**Work required:** The answer should contain only the lines from the beginning of the entries through the line that holds "Para Google Pixel", given again exactly, with no pictures.
**** Available records
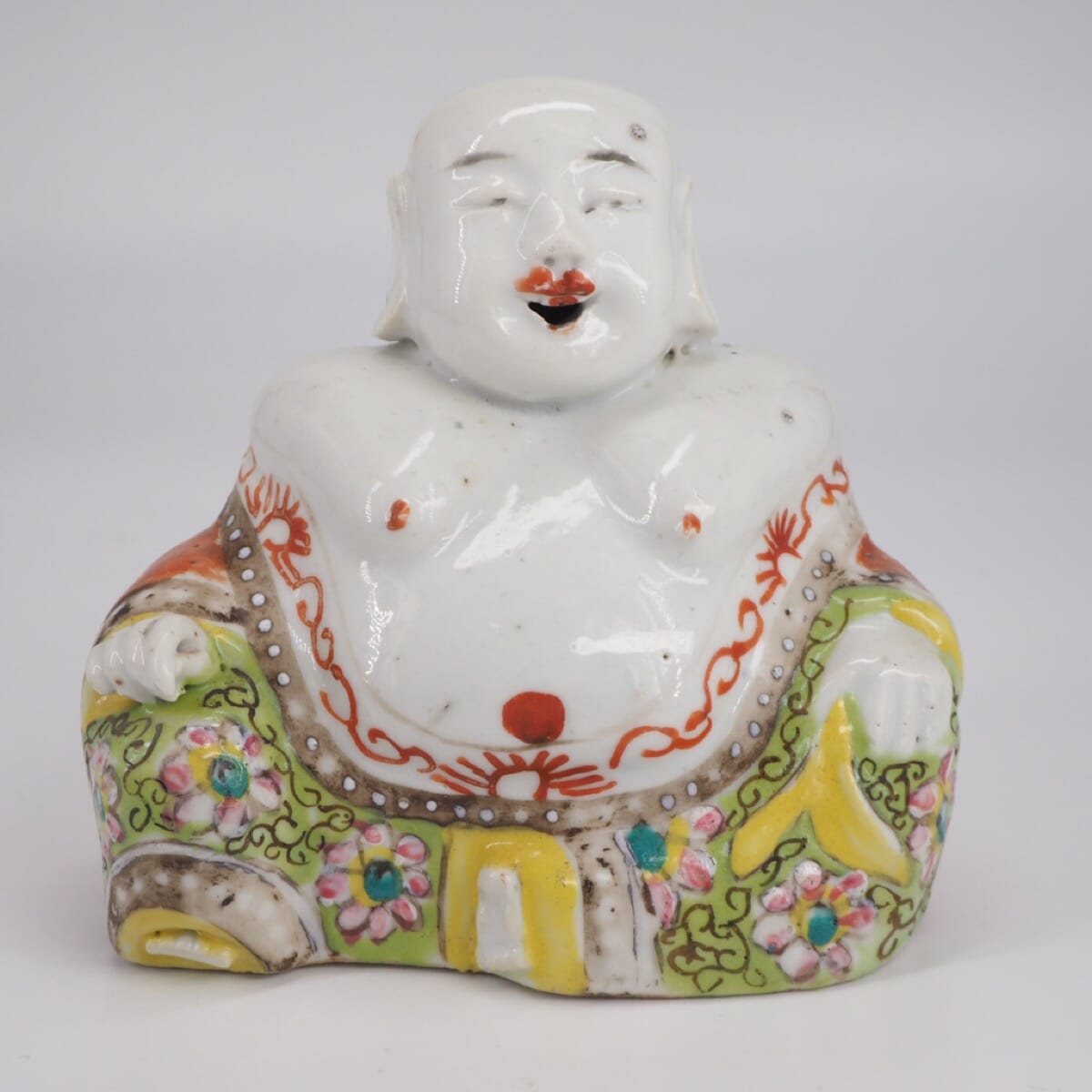 Chinese porcelain seated buddha with colourful robes, late 19c.
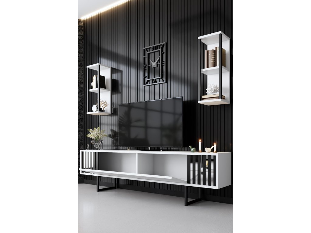 | Sestava obsahuje: | TV stolek 180x30x48cm, 2x nástěnná police 22x21x60cm |
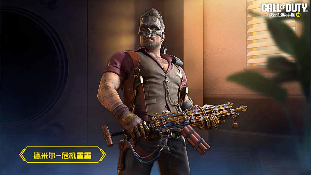 这次,德米尔-危机重重头戴面具,时刻准备好深入险地!他身着红色衬衫和马甲,展现出自己健硕的肌肉,他的左手是一个金色的金属义肢,仿佛拥有无穷的力量和破坏力!
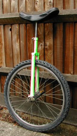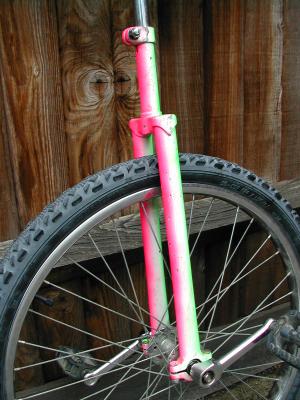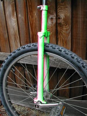 My unicycle has a slightly unusual colour scheme. For some reason, I decided to paint it one day. Presumably I thought a plain chrome unicycle going down the road wasn't eye-catching enough. I don't actually have pictures of it new, and ten years on it's looking a bit tatty, but here it is anyway. It's fluorescent green at the front, fluorescent pink at the back, and white at the sides. There's a matching seat-post which I generally have installed the other way round (pink front, green back), just for variety. That's not fitted in these photos because it doesn't adjust (the seat clamp scrapes the paint off), and the unicycle has recently been in use by a learner shorter than me, who had the seat right down, so I swapped it for a plain chrome one.
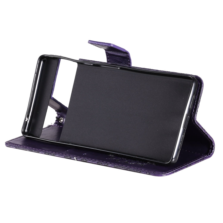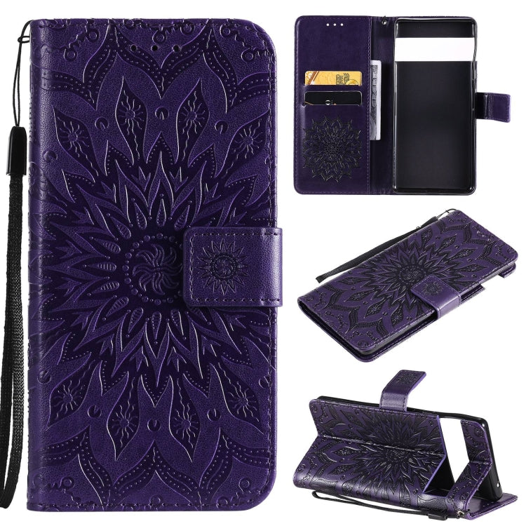 Para Google Pixel 6 Sun Pattern Horizontal Flip Funda de cuero con Tarjeta Slot & Soporte & Wallet & Lanyard (Púrpura)
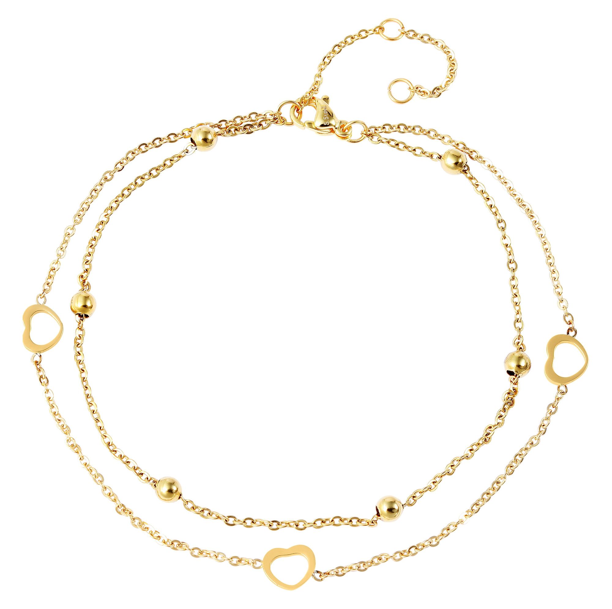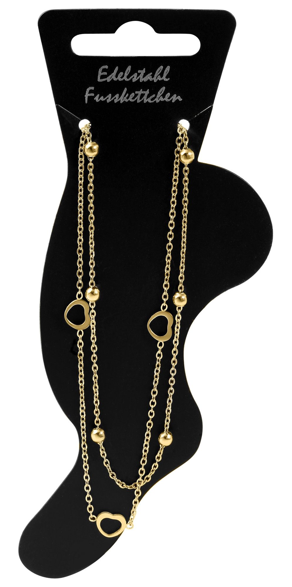 Deze enkelband van het merk Akzent is gemaakt van roestvrij staal en bestaat uit twee ankerkettingen van verschillende lengtes. Kleine roestvrijstalen bolletjes zijn gelijkmatig verdeeld over een van de kettingen. Aan één uiteinde is ook een verlengkettinkje van 2,5 cm bevestigd, waarmee je de lengte individueel kunt variëren en aanpassen aan elke enkel. De andere ketting is versierd met kleine hartjes. Samen vormen de twee kettingen een moderne enkelband. De speelse enkelband kan worden geopend en gesloten met een karabijnsluiting, die ook van roestvrij staal is gemaakt. De afmetingen komen voort uit een lengte van 25 cm en een kettingdikte van 1 mm. Het moderne enkelsieraad maakt elke outfit af en is ook een geweldig cadeau. Bijvoorbeeld voor een verjaardag, Kerstmis of Valentijnsdag.
********
**Reply:**
 Chinese porcelain seated buddha with colourful robes, late 19c.
 | Sestava obsahuje: | TV stolek 180x30x48cm, 2x nástěnná police 22x21x60cm |
 这次,德米尔-危机重重头戴面具,时刻准备好深入险地!他身着红色衬衫和马甲,展现出自己健硕的肌肉,他的左手是一个金色的金属义肢,仿佛拥有无穷的力量和破坏力!
 My unicycle has a slightly unusual colour scheme. For some reason, I decided to paint it one day. Presumably I thought a plain chrome unicycle going down the road wasn't eye-catching enough. I don't actually have pictures of it new, and ten years on it's looking a bit tatty, but here it is anyway. It's fluorescent green at the front, fluorescent pink at the back, and white at the sides. There's a matching seat-post which I generally have installed the other way round (pink front, green back), just for variety. That's not fitted in these photos because it doesn't adjust (the seat clamp scrapes the paint off), and the unicycle has recently been in use by a learner shorter than me, who had the seat right down, so I swapped it for a plain chrome one.
 Para Google Pixel 6 Sun Pattern Horizontal Flip Funda de cuero con Tarjeta Slot & Soporte & Wallet & Lanyard (Púrpura)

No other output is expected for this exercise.